Prime ministers, presidents and royalty arrived in Cairo on Saturday to witness the glitzy inauguration of a sprawling new museum built near the pyramids to house one of the world’s richest collections of antiquities.
The inauguration of the $1 billion Grand Egyptian Museum, or GEM, marks the end of a two-decade construction effort hampered by the Arab Spring uprisings, pandemic and wars in neighboring countries.
“We all dreamed about this project and whether it would really come true,” Prime Minister Mostafa Madbouly said at a news conference, calling the museum a “gift from Egypt to the whole world from a country whose history goes back more than 7,000 years.”
Spectators, including President Abdel Fattah al-Sisi, gathered late Saturday in front of a huge screen outside the museum, which projected images of the country’s most famous cultural sites, while dancers in glittering pharaonic-style costumes waved glowing orbs and sceptres.
‘New chapter for Egypt’
They were accompanied by Egyptian pop stars and an international orchestra decked out in white under a sky lit up with lasers, fireworks and floating lights that turned into moving hieroglyphs.
By opening the museum, Egypt was “writing a new chapter in the history of this ancient nation’s present and future,” Sisi said at the opening.
The audience included German President Frank-Walter Steinmeier, Dutch Prime Minister Dick Schoof, Hungarian Prime Minister Viktor Orban, Palestinian President Mahmoud Abbas, Democratic Republic of Congo President Felix Tshisekedi and the crown princes of Oman and Bahrain.
The museum’s most promoted attraction is the extensive collection of treasures from Tutankhamun’s tomb, which was uncovered in 1922, including the boy king’s golden burial mask, throne and sarcophagus, and thousands of other items.
A colossal statue of Ramses II, which sat for decades in a central Cairo square bearing the pharaoh’s name, now graces the grand entrance.

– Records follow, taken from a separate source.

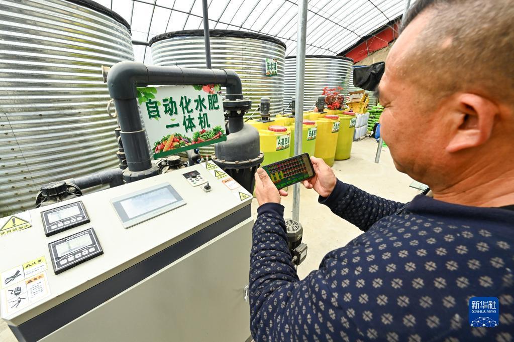 現(xiàn)代設(shè)施農(nóng)業(yè)示范基地的管理人員通過手機(jī)控制自動(dòng)化水肥一體機(jī)。記者 丁磊 攝
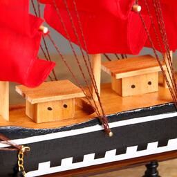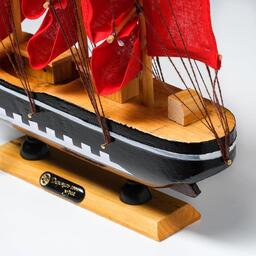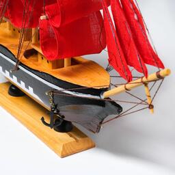 Корабль сувенирный средний «Флора», борта чёрные с белой полосой, паруса алые, 32х6,5х31 см
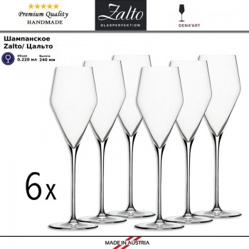 Бокалы Zalto Champagne для игристых вин и шампанского, ручная выдувка, 6 шт по 220 мл, Zalto

The complex’s sleek design, evoking the pyramids, cuts a stark contrast to the dusty and often out-of-date exhibits of the neoclassical Egyptian Museum, which opened over a century ago in central Cairo overlooking Tahrir Square.
Old museum looted
The ancient museum has suffered insults in recent years, including the looting of several display cases during Egypt’s 2011 uprising, when antiquities theft was rampant.
In 2014, the beard on Tutankhamun’s tomb mask broke off when workers changed the lights in the display case, and was then clumsily glued back on. The following year, the mask was more properly restored and put back on display.

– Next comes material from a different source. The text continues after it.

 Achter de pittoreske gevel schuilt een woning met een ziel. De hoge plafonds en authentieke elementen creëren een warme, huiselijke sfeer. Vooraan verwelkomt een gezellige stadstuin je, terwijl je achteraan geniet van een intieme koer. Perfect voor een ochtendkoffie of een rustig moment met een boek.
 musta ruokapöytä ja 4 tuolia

Officials hope the new museum can end a perception fueled by such events that Egypt has been remiss in looking after its priceless treasures, and emphasize its demands that Egyptian objects held in museums abroad be returned.
“Is it a national shrine or a global showcase? A gesture of cultural sovereignty or a tool of soft power?” read an article in a special edition of the state-run Al-Ahram Weekly devoted to the museum, which it called “a philosophy as much as it is a building.”
“GEM is not a copy of the Louvre or the British Museum. It is Egypt’s answer to both. These museums were born of empire; this is born of authenticity.”
The museum’s more than $1 billion price tag was financed in large part by Japanese development loans. Designed by an Irish firm, Heneghan Peng Architects, it covers about 120 acres, making it roughly the same size as Vatican City.
Officials are also betting that the museum, the latest in a series of megaprojects launched or completed since 2014, could spur a revival in tourism, a vital source of foreign exchange for an economy battered by years of regional conflict and economic uncertainty.
A number of galleries had been opened at the end of last year, but many exhibitions were not available to the public.